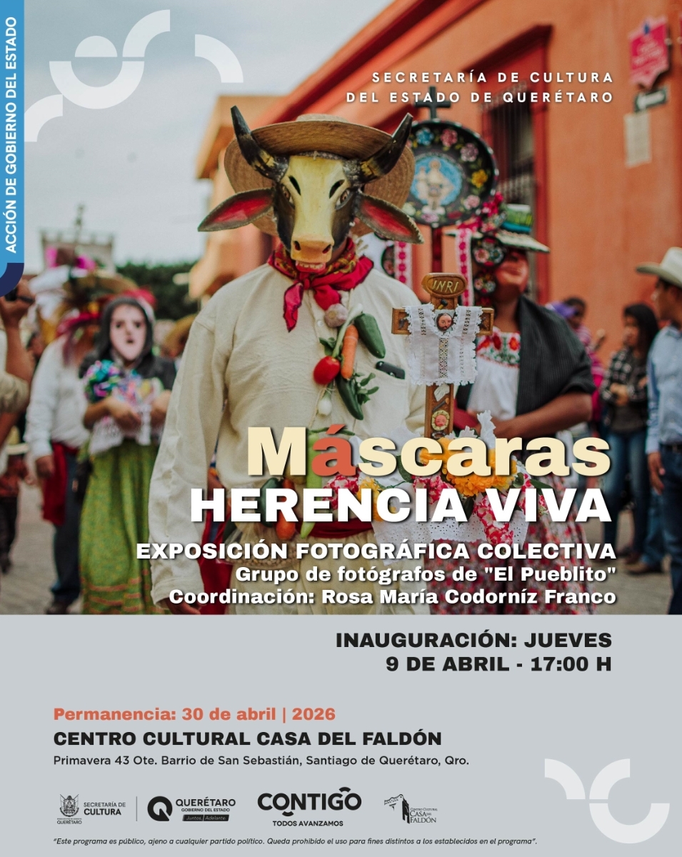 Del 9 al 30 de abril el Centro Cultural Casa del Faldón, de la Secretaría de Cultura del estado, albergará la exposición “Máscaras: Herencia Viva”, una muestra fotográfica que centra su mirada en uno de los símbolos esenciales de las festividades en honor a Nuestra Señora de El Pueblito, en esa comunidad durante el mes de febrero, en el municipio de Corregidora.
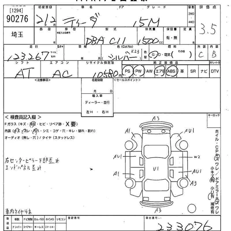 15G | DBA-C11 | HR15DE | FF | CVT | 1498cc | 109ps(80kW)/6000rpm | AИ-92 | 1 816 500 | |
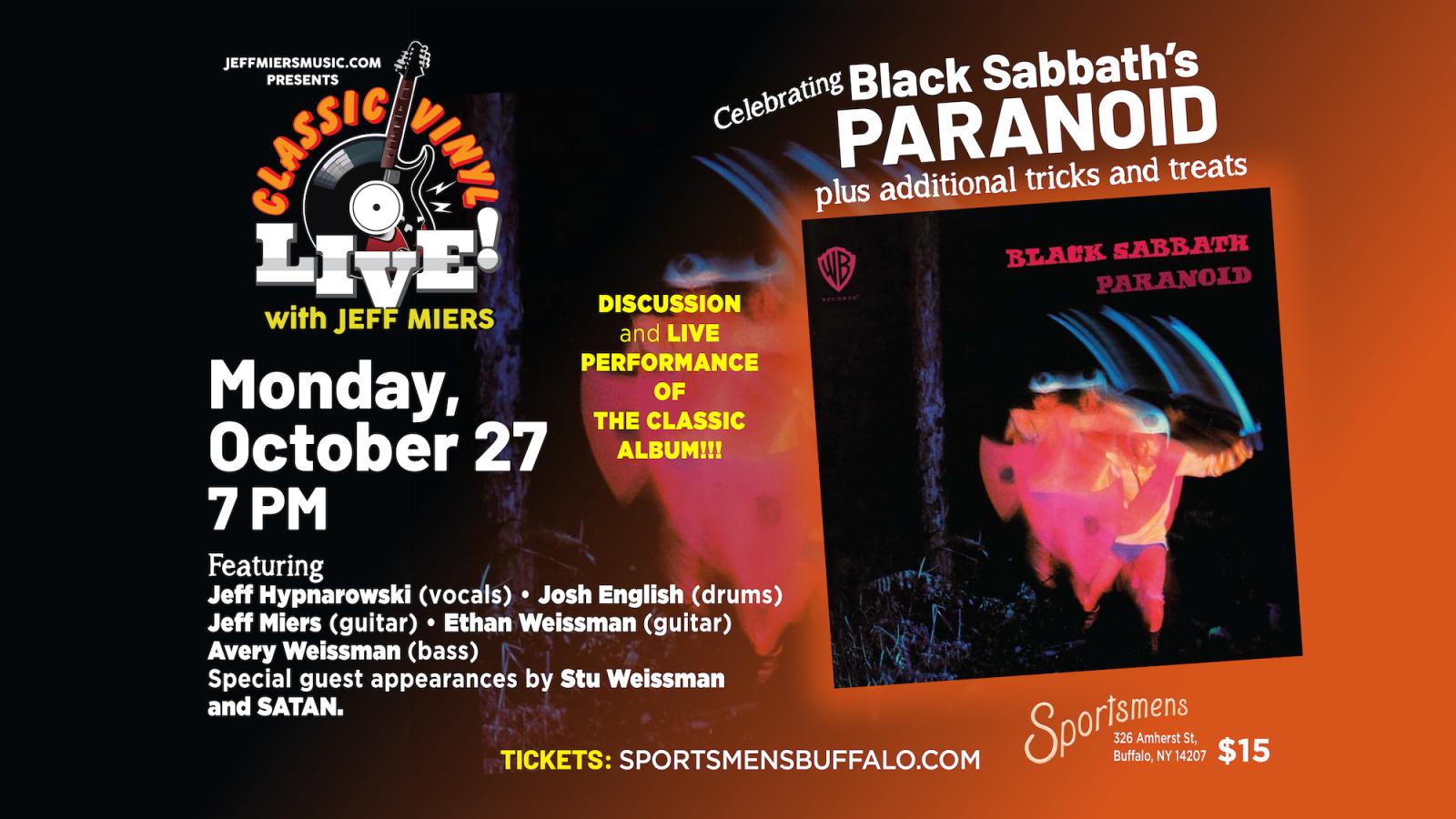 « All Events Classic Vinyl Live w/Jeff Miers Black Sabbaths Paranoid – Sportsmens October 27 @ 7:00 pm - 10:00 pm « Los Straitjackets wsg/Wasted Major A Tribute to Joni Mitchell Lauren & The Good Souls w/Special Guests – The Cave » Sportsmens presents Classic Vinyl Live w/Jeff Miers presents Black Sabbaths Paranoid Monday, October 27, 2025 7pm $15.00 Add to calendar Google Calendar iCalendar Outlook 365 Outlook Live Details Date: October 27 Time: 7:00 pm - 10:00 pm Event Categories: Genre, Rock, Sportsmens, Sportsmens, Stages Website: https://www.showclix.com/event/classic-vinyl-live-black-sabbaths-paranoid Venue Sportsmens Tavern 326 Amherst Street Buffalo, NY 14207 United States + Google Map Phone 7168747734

- [To do]:
Please repeat each line above exactly as it appears, but omit the pictures.

- [Solution]:
 Del 9 al 30 de abril el Centro Cultural Casa del Faldón, de la Secretaría de Cultura del estado, albergará la exposición “Máscaras: Herencia Viva”, una muestra fotográfica que centra su mirada en uno de los símbolos esenciales de las festividades en honor a Nuestra Señora de El Pueblito, en esa comunidad durante el mes de febrero, en el municipio de Corregidora.
 15G | DBA-C11 | HR15DE | FF | CVT | 1498cc | 109ps(80kW)/6000rpm | AИ-92 | 1 816 500 | |
 « All Events Classic Vinyl Live w/Jeff Miers Black Sabbaths Paranoid – Sportsmens October 27 @ 7:00 pm - 10:00 pm « Los Straitjackets wsg/Wasted Major A Tribute to Joni Mitchell Lauren & The Good Souls w/Special Guests – The Cave » Sportsmens presents Classic Vinyl Live w/Jeff Miers presents Black Sabbaths Paranoid Monday, October 27, 2025 7pm $15.00 Add to calendar Google Calendar iCalendar Outlook 365 Outlook Live Details Date: October 27 Time: 7:00 pm - 10:00 pm Event Categories: Genre, Rock, Sportsmens, Sportsmens, Stages Website: https://www.showclix.com/event/classic-vinyl-live-black-sabbaths-paranoid Venue Sportsmens Tavern 326 Amherst Street Buffalo, NY 14207 United States + Google Map Phone 7168747734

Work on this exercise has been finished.